The 30-minute, continuously looping, 2013 work is a fictionalized account of the ill-fated affair between Dada artist Duchamp and Brazilian sculptor Maria Martins. A tale told twice, back-to-back and with subtle variations, the strange and exciting Dadaist love story is conveyed through a collision of themes, including death and rebirth, multiple identities and doppelgängers, false prophets, lost love, the corruption of power, and the fragility of truth.

Using a recreation of Marcel Duchamp's sculptural installation, "ÉtantDonnés," a trickster figure summons the character of Maria Martins (played by Sonic Youth's Kim Gordon and Hannelore Knuts) from the sculpture. Maria discovers her lover (a captive Marcel Duchamp, played by Jason Grisell) bound and at the mercy of a group of tormentors.

Her efforts to rescue her love are reminiscent of Alice's bewildering trip down the rabbit hole to a dark and mad wonderland populated by a monstrous assortment of beings. Decked with bizarre paint, costumes, hoods, and masks, the various players are forced to perform on a television program for a truly menacing-looking judge (also played by Grisell).

At times, the scenes and tone read a bit like Bosch's "Musician's Hell" come to life; at other moments, the sabre-wielding, masked terrorists trigger associations with current events. The production -- a silent work, save an engaging musical score by Will Butler, Jeremy Gara, Tim Kingsbury, and Dzama -- is full of eerie and intense theatrics. Here, buffoonery is an entertainment, and cruelty a performance.

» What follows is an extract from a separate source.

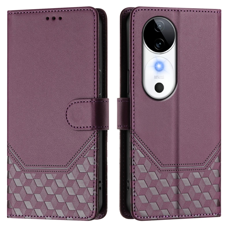 Funda de Cuero Rfid con Relieve En Panal para Vivo S19 (Violeta)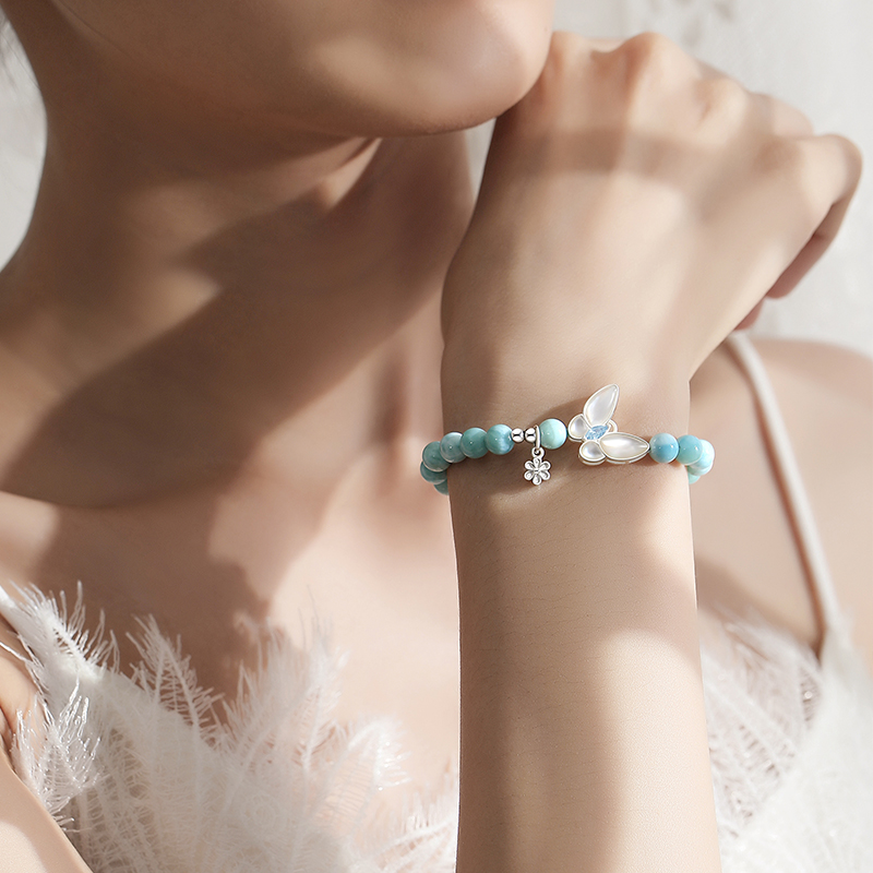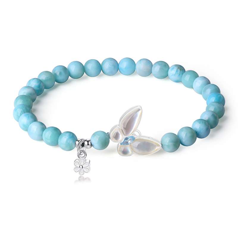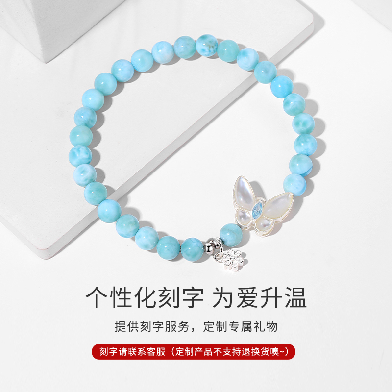 海纹石手串女蝴蝶贝母手链纯银小桃花手饰拉利玛天然水晶珠子串珠

The MAG will be closed New Year's Day. Regular hours are Wednesday through Sunday, 11 a.m. to 5 p.m., and Thursday until 9 p.m. Admission is $5-$14 (free to members and kids age 5 and under; half-price admission on Thursday from 5 to 9 p.m.). For more information, call 276-8900 or visit mag.rochester.edu.

Fair warning: this exhibition contains nudity and suggested violence.